Karena kepribadian tidak hanya dibentuk oleh faktor kebudayaan saja. Bisa jadi
dalam suatu kelompok itu terdapat pula kepribadian yang berbeda-beda dari masing-masing
anggotanya, namun tetap ada satu kepribadian umum yang melekat pada diri mereka
masing-masing sebagai bagian dari pengaruh kuat kebudayaan itu tadi.
KEBUDAYAAN BARAT
Kebudayaan Barat Selain dari pengaruh budaya asing pada masa lampau, perkembangan pesat era globalisasi saat ini semakin menekan proses akulturasi budaya, terutama pengaruh budaya Barat. Berbagai informasi melalui media cetak dan elektronik dengan sentuhan kemajuan teknologi modern mempercepat akses pengetahuan tentang budaya lain. Membawa perubahan sampai ke tingkat dasar kehidupan manusia di Indonesia.
Sehingga tak dapat dipungkiri, peradaban yang lebih maju akan banyak mempengaruhi peradaban yang berkembang belakangan. Sebagaimana agresivitas budaya Barat yang terus berproses dinamis dan teruji berpengaruh pada peradaban lain, terutama peradaban timur. Secara umum, perubahan kebudayaan sekarang ini disebabkan oleh perjuangan HAM (Hak Asasi Manusia), pelestarian alam dan lingkungan hidup, serta tuntutan peningkatan kualitas hidup. Lebih dari itu, kehadiran budaya Barat seakan mendominasi dan selalu menjadi trend-centre masyarakat. Kebiasaan dan pola hidup orang barat seakan menjadi cermin kemodernan. Hal ini jelas mengikis prilaku dan tindakan seseorang.
Pengaruh budaya Barat, dianggap sebagai ciri khas kemajuan dalam ekspresi kebudayaan kekinian. Padahal belum tentu sesuai dengan kebutuhan situasi dan kondisi masyarakat sendiri. Keadaan ini terus mengikis budaya dan kearifan lokal yang menjadi warisan kebudayaan masyarakat nusantara. Nilai tradisional masyarakat perlahan mengalami kepunahan, tak mampu bersaing dengan derasnya publikasi budaya modern dalam konteks pergaulan masyarakat. Beberapa dampak yang dirasakan adalah dengan menurunnya rasa sosial dan tenggang rasa masyarakat, mengikisnya semangat kebhinekaan yang mengarah pada disintegrasi bangsa dan pelanggaran hukum, dan pola hidup individualisme dan konsumerisme yang bertentangan dengan sikap hidup sederhana. Kebebasan dan kesenangan hidup masyarakat Barat tidak selamanya positif. Banyak kalangan remaja yang sedang mencari jati diri tergusur oleh tren-tren yang tak henti diiklankan sebagai suatu gaya hidup yang menyenangkan dan mendunia. Banyak norma-norma masyarakat pribumi di Indonesia yang terkikis dalam keseharian generasi mudanya.

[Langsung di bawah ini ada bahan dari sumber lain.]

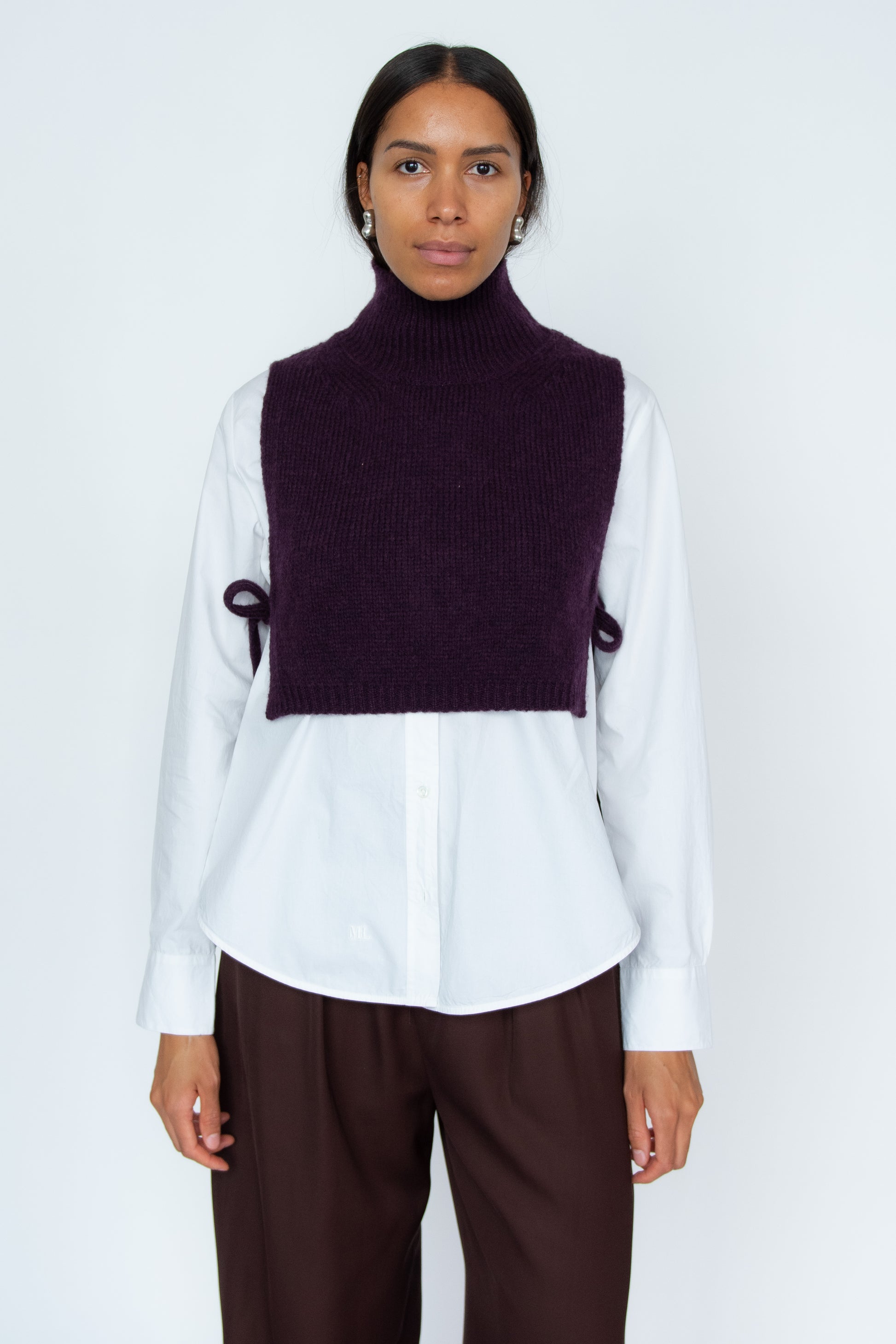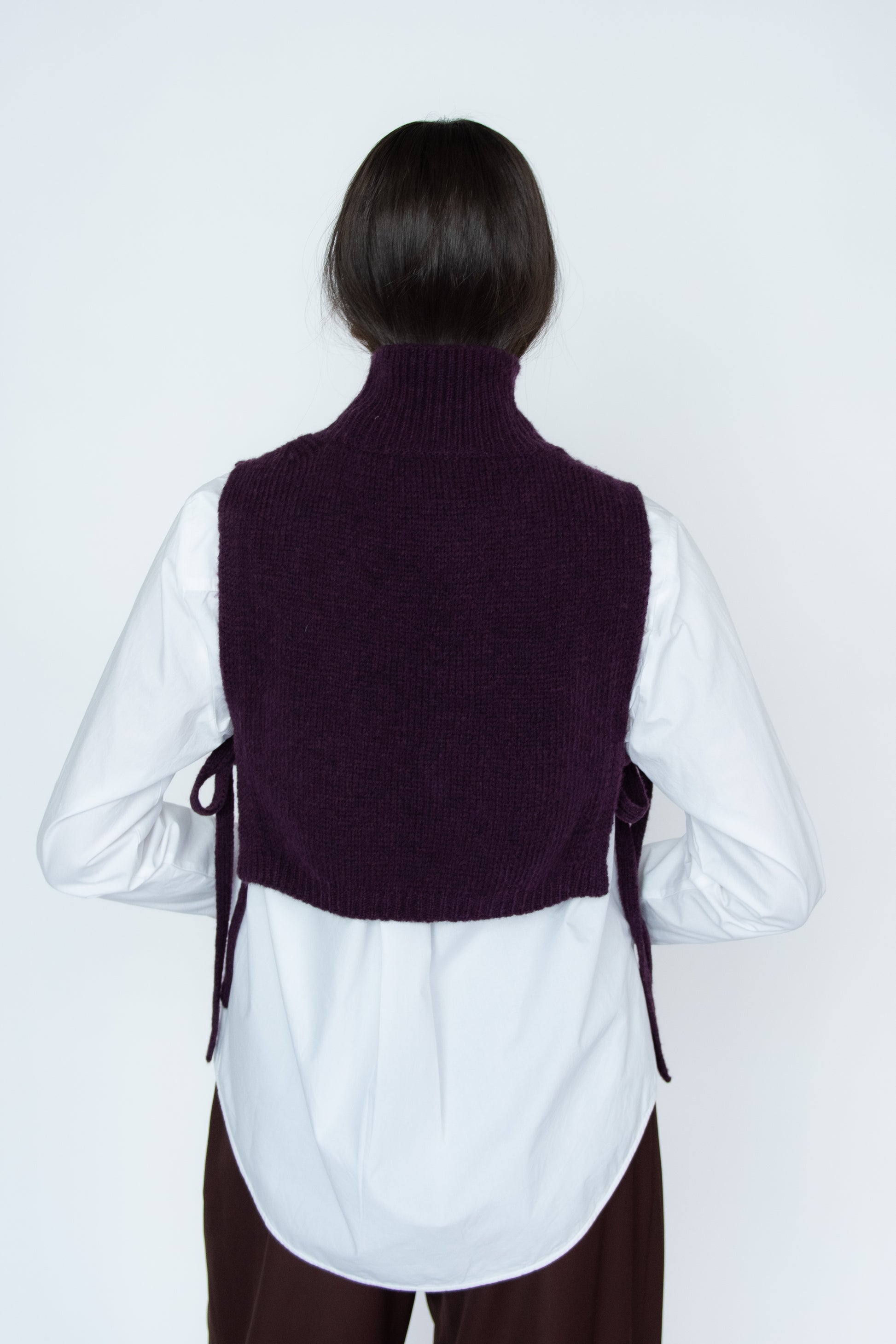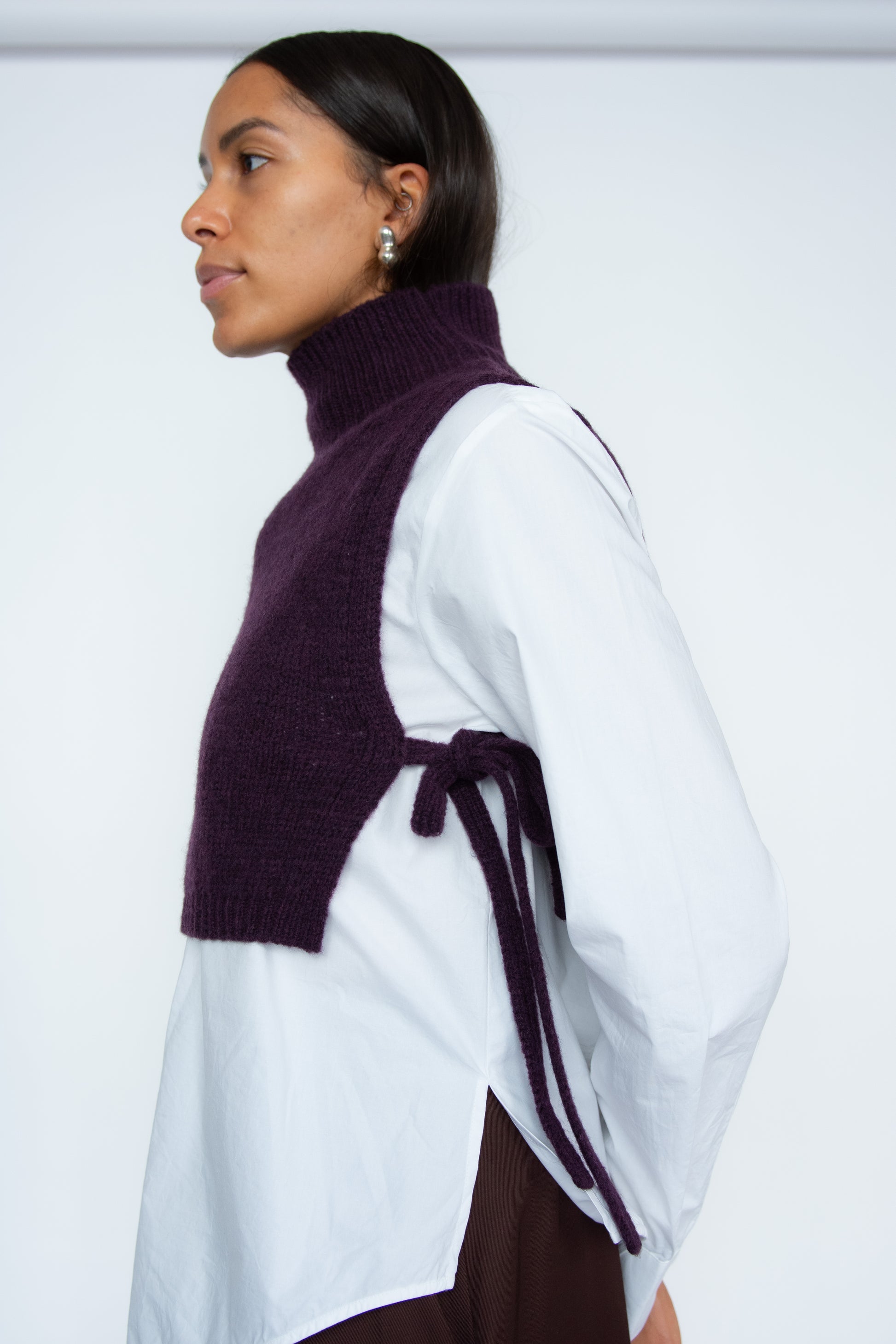 O/S. Relaxed fit, adjustable ties at sides. High neck. Hits at high waist. Very little to no itch in yarn and easy to wear for sensitive skin.

Padahal sejatinya, kebudayaan timur yang jauh lebih baik dari kebudayaan barata patut dipertahankan. Melihat dan mempelajari bagaimana kebudayaan mengatur setiap titik kehidupan manusia sehingga menciptakan kehidupan yang beradab. Jadi disini, mari kita lihat perbandingan antara kebudayaan barat dan kebudayaan timur.

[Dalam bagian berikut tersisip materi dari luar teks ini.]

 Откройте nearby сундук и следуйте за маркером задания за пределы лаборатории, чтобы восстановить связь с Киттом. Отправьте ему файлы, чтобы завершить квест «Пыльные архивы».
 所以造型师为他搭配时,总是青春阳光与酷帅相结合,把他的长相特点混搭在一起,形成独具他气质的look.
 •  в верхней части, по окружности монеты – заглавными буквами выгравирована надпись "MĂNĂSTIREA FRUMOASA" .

Perbandingan Budaya Barat dan Budaya Timur
A. PERBEDAAN KEBUDAYAAN BARAT DAN KEBUDAYAAN TIMUR
Kebudayaan Barat adalah kebudayaan yang cara pembinaan kesadarannya dengan cara mamahami ilmu pengtahuan dan filsafat. Mereka melakukan berbagai diskusi dan debat untuk menemukan atau menentukan makna yang sebenarnya dari kesadaran. Mereka banyak belajar dan juga mengajar yang awalnya datang dari proses diskusi dan perdebatan yang mereka lakukan. Melalui proses belajar dan mengajar, para ahli atau master dari kebuyaan tersebut yaitu kebudayaan barat dituntut untuk pandai dalam berceramah dan berdiskusi. Hal itu dilakukan karena para murid akan menilai suatu pencapaian seorang master dalam berceramah dan berdiskusi, dan akhirnya banyak yang akan mengikuti ajarannya.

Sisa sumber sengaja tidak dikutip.